One of the most curious subjects in the monetary policy transformation phase, under the highest inflation in the last thirty years in the US and the ongoing effects of Covid-19, was the new chair of the Fed. At this point, continuity was taken as a basis in the Fed, and Biden reappointed Powell as chairman. Brainard, who was named for the presidency, was promoted to the vice chair position. As the most important pioneer of conventional policy implementation, the Fed will realize the transformation of financial conditions with its planned course in the broad term. In this context, although the Powell election is relatively "hawkish", we think that it is necessary to consider the current route from a broad perspective.
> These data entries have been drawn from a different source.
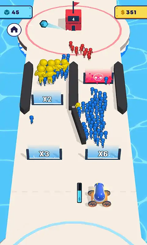 超级英雄是一款非常棒的休闲益智游戏,在这款游戏中玩家们需要运用自己的智慧和点击速度,在尽可能短的时间内控制大炮喷射最多的蓝色小人,尽全力将大炮喷射到增加倍数更多的门上,以增加我方人群并占领所有基地!除了增加人数的蓝色大门,还有减少人数红色大门,需要和他们斗智斗勇不让红色大门减少我方人数,赶快下载体验吧。
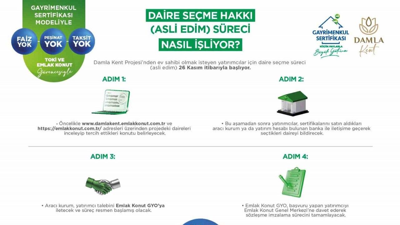 Emlak Konut GYO, Gayrimenkul Sertifikası modeliyle halka arz edilen Damla Kent Projesi’ne ilişkin olarak Kamuoyu Aydınlatma Platformu’nda (KAP) yaptığı açıklamada, yatırımcıların asli edim - daire seçimi haklarını 26 Kasım 2025 itibarıyla kullanmaya başlayabileceğini bildirdi. Projenin halka arz edilen etaplarında ihale süreçlerinin tamamlanması ve inşaat çalışmalarının başlamasıyla birlikte, Damla Kent’te yeni bir aşamaya geçilmiş oldu. Bu çerçevede, Gayrimenkul Sertifikası sahiplerinin beklediği asli edim - daire seçimi süreci yatırımcıların erişimine açılıyor.
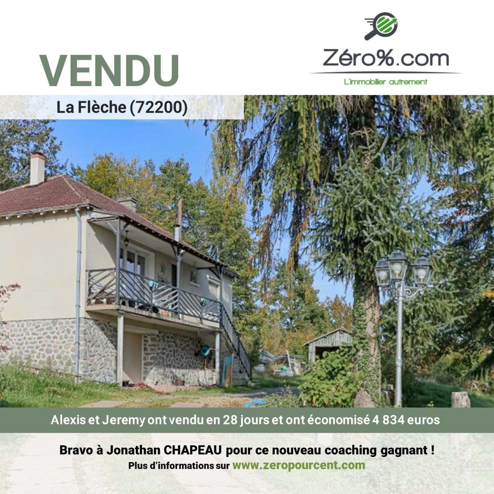 La Flèche (72200)Venez découvrir de Particulier à Particulier ce pavillon situé à seulement 3 minutes du centre de la Flèche, en direction du Mans. La Flèche, commune du sud du département de la Sarthe, est située dans la vallée du Loir, à l'ouest du Maine angevin. Elle se trouve, à vol d'oiseau, à 39 km du Mans, 44 km d'Angers, 66 km de Tours, 66 km de Laval et 220 km de Paris . Vous découvrirez sur une parcelle d’une contenance de 2537 m², cette maison d’habitation comprenant au rez-de-chaussée une suite parentale avec douche à l’italienne , une seconde chambre, et un cellier. Des travaux de rénovation sont à terminer. Direction l’étage, où vous profiterez d’une entrée, d’un salon séjour et cuisine ouverte et équipée de 37 m². Un poêle à bois réchauffera vos soirées froides. Un coin nuit se compose de deux chambres, d’un wc et d’une salle de bains. Construction des années 1980 avec chauffage électrique, double vitrage, volets roulants. Le montant de la taxe foncière s’élève à 790 euros. L’extérieur vous garantira un espace arboré avec piscine enterrée et chauffée de 7mx3m. Un dépendance de 35 m² complète la prestation. Vous souhaitez vendre votre bien, faites comme nous ! Faites appel à votre coach immobilier. Zéropourcent.com démocratise l’immobilier de particulier à particulier en proposant une facturation fixe, quelque soit le prix de votre bien, sans exclusivité, et vous fait profiter d’un coaching gagnant. Zéropourcent.com c’est l’immobilier autrement !
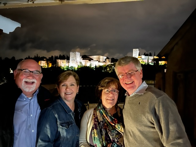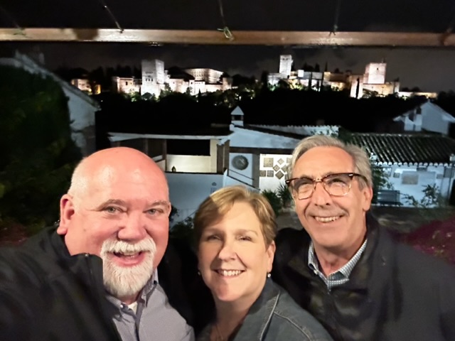 After touring the Alhambra in the rain on Monday afternoon, we met my friend Jose Antonio for dinner. He had made us a reservation in the Albaicin quarter of Granada with a great view of the Alhambra. Three hours after sitting down to dinner we took these pictures with the Alhambra in the background. Afterwards, the wimps went to bed but Jose Antonio and I went out for a gin and tonic made with a Spanish gin. I need to find a bottle to bring home
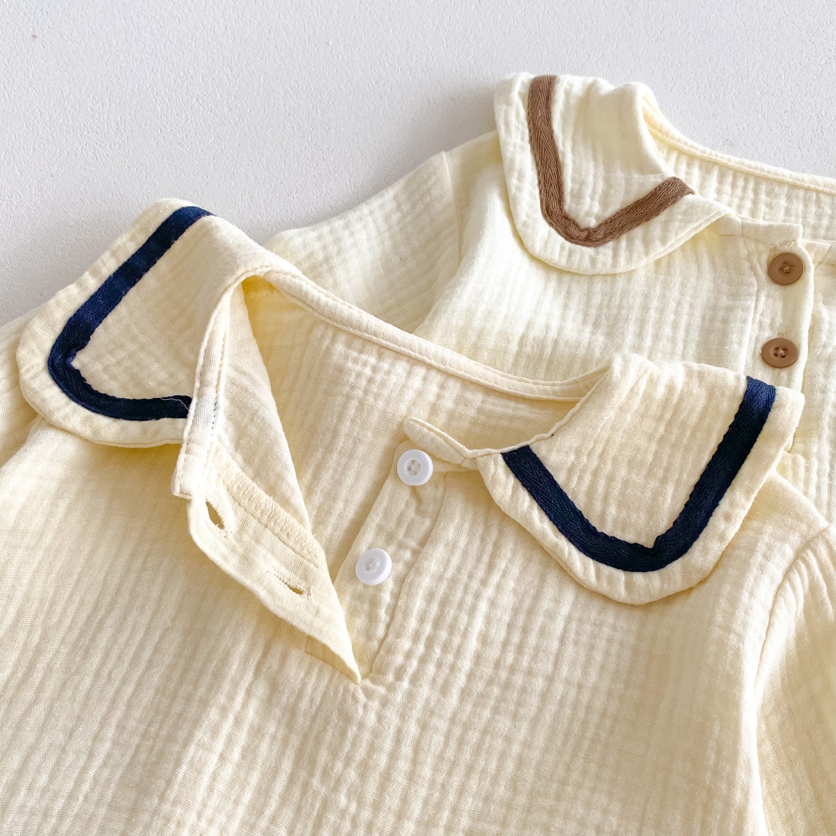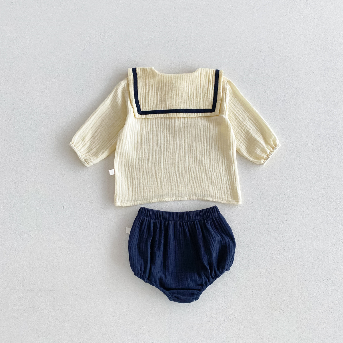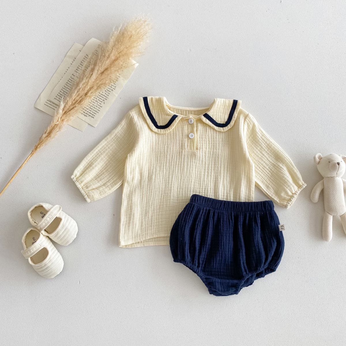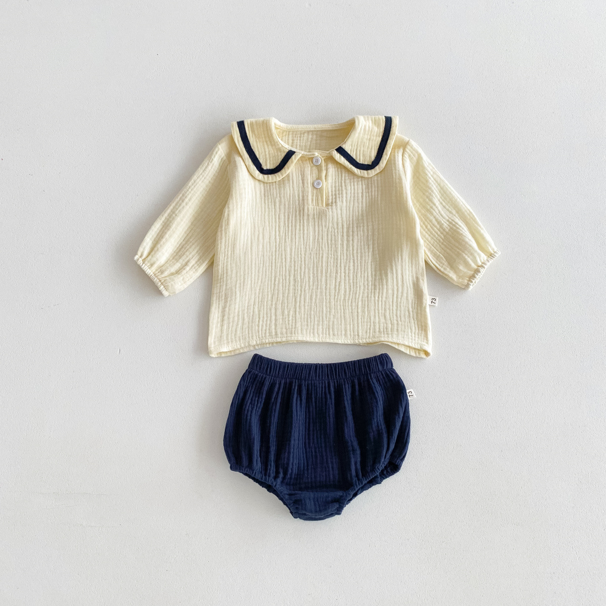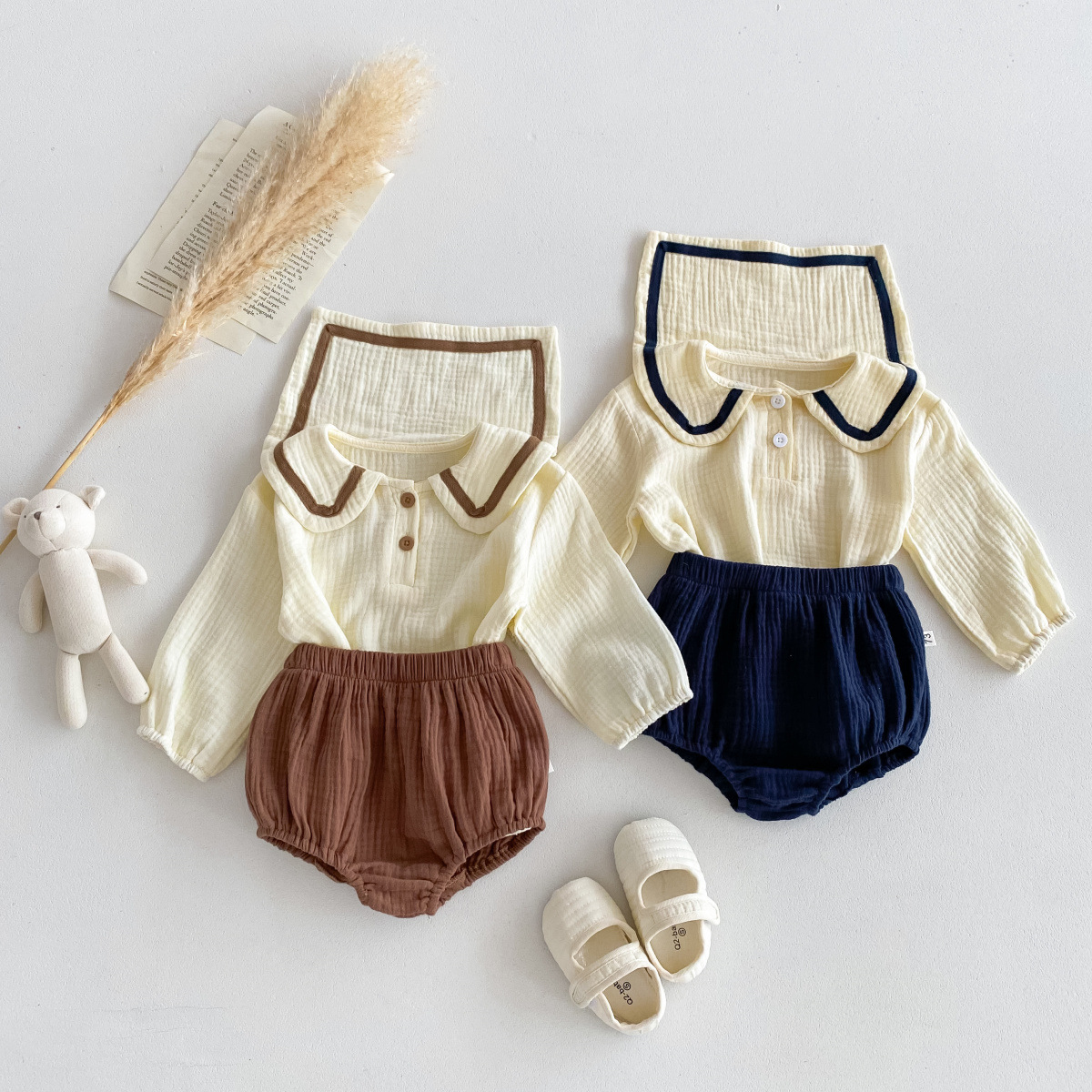 한국 스타일 아기 옷깃 탑 빵 바지 세트 유니섹스 신생아 네이비 칼라 면 캐주얼 세트
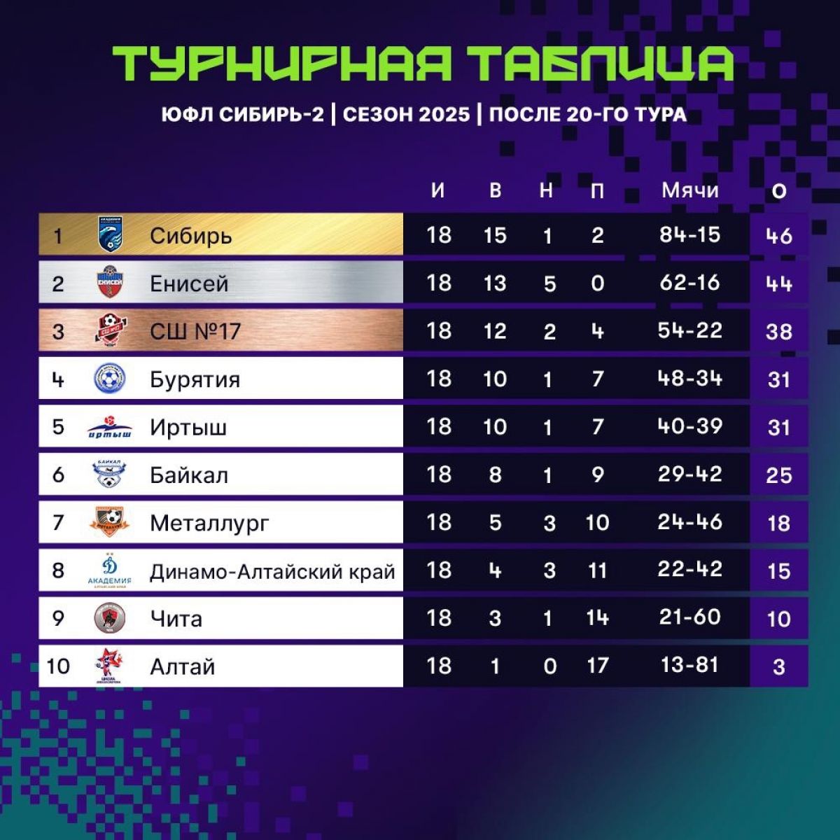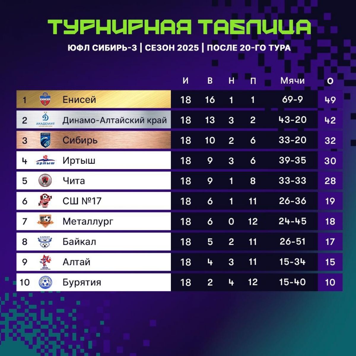 В субботу, 27 сентября, подошёл к концу сезон Юношеской футбольной лиги в Сибирском федеральном округе. Напомним, в 2025 году соревнования среди десяти сибирских команд проходили по двум возрастам - среди футболистов 2009 и 2010 годов рождения.

In the recovery phase of the US economy from the pandemic, the need to protect from the rise in consumer prices has emerged as an after-effect. The Fed, which is normally cautious about interest rates and considers raising rates at the latest possible stage, may therefore be in a position to act more proactively. Inflation is an issue that affects income erosion and income inequality. The inflation boom, which came with the bottleneck created by the supply and demand imbalance, combined with the acceleration in demand after an unprecedented pandemic, became compelling. Uncertainties over inflation and employment targets persist amid calls for further tightening, and attention is shifting thoughts on the pace and timing of further Fed policy moves.
Powell's re-nomination also demonstrates government support on the Fed, based on a belief in continuity. Regarding the applied ground and planning, under the guidance of policy normalization, we will wait for the continuation of the current order, at least within the framework of the recovery in the labor market and the pace of inflation, which may be open-ended. The December meeting may be the scene of a critical adjustment at this point. The continuation of this effect due to the rate of increase in prices and tense supply chains may mean that a policy ground that will accelerate the economy is withdrawn and adjustment may therefore be required. Thus, a quicker-than-planned withdrawal of the massive asset purchase program could mean faster asset purchase cuts if inflation hold steady, in which case an earlier rate hike. The FOMC minutes can help decipher the mix of members' thoughts on how the Fed's goals are progressing.